From the big list provided in our prompt, the words that jump out at me all have a similar theme; Confidence. Coolness under fire. Courage. Self-reliance. Serenity. Will-power. All these things are important to me because they describe the way I want to see myself, and the way I want to be perceived by other people. The times in my life where I've felt the happiest have also been the times where I've felt the calmest, the most collected and confident. It's hard to rank how often I try to "live up" to things like "confidence" and "courage" because these are essentially just reactions, split-second choices made in moments of stress. The times when I have felt calm when I "should" have been stressed have come more as a welcome surprise than the result of any intentional practice or inner discipline.
One of my worst habits (as I see it) is to give advice when it hasn't been asked for. But, when I'm explicitly asked for my advice I can sometimes become self-conscious and full of doubt. Why is it easier for me to give unsolicited advice than give my true opinion when I am directly asked? First of all, there's less pressure, less expectation. The last time I was asked for advice was a request for tips on cooking an eggplant. I've cooked tons of eggplants. Yet I resorted to Google and two cookbooks before giving my final answer.
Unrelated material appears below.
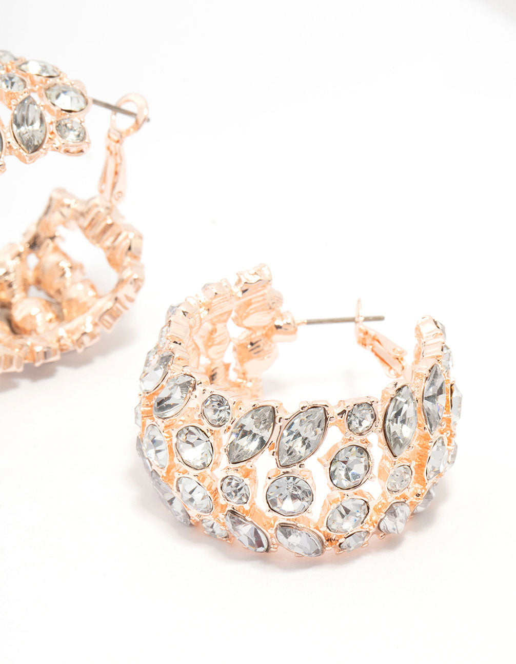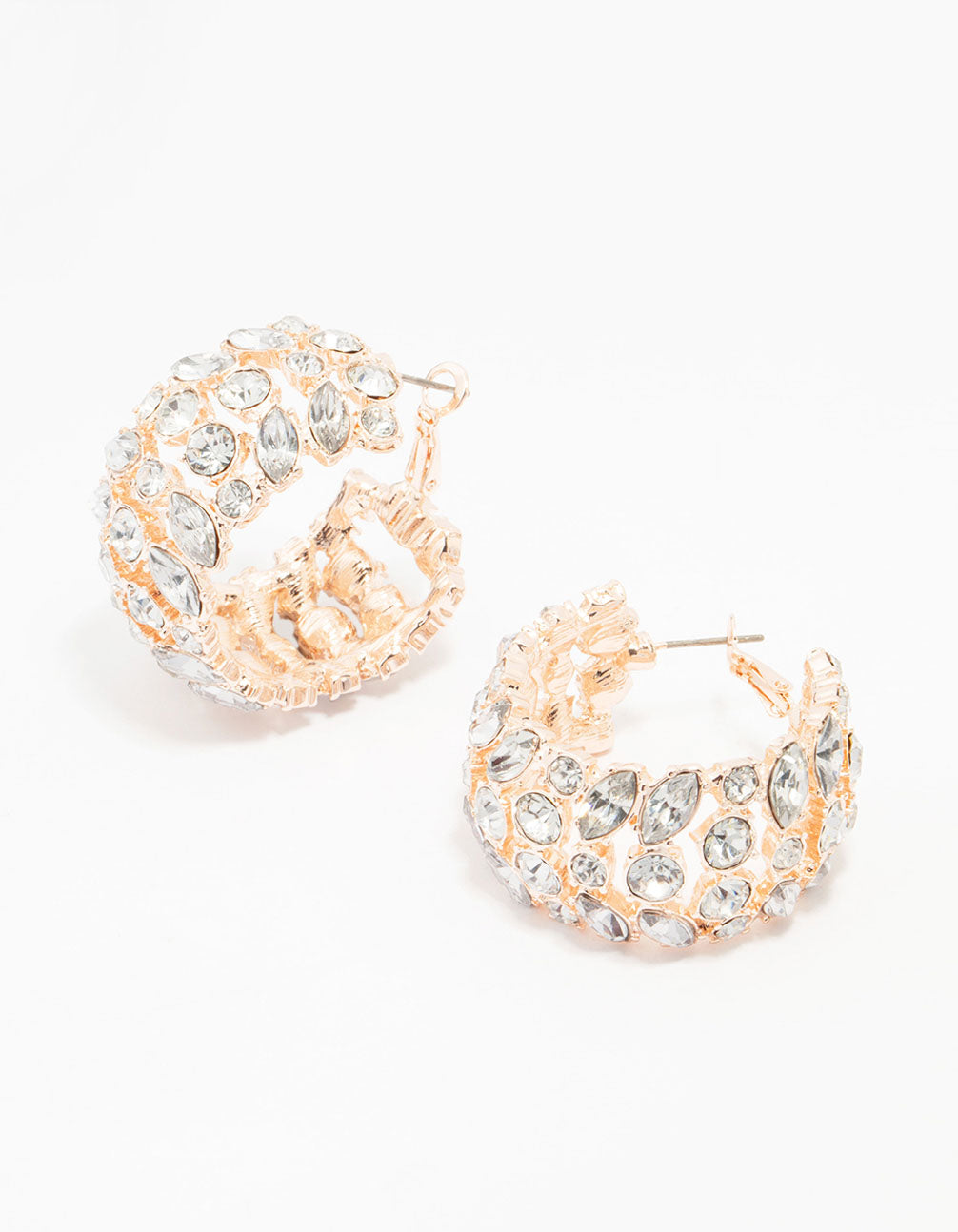 For a romantic touch to your stack, style these rose gold hoop earrings. These decorative hoops feature a wide silhouette, adorned with mini diamantes for a touch of glamour.

If this had been a different conversation, I would have volunteered the information readily, along with amusing anecdotes of exploding eggplants in a broiler. Being asked for advice directly puts me in a position of accountability, and I'm afraid of being responsible for someone else's bad time, for someone else's exploding eggplant. So I want to get it exactly right.
The word I would add to the list in the prompt is Balance. Whatever goal I'm aiming for, it always seems like if that goal were to be distilled down to its essence, it would all come back to the concept of balance. Confidence is balancing the expectation of failure with the benefits of your experience and memory, self-reliance is the balancing of your expectations and dependencies with the knowledge that each action and reaction is ultimately your own decision.
This commitment to balance could help to lessen stereotype threat because it includes a constant analysis of motivation. Am I acting a certain way based on my own thoughts, feelings and opinions, or am I being influenced by my desire to appear a certain way to other people? These are hard things to untangle, but I have to get over the nasty habit of questioning my decisions and just charge forward with the knowledge that while I will push myself to perform to the best of my abilities, I will not lose sight of the things that bring calmness, order and stability to my life.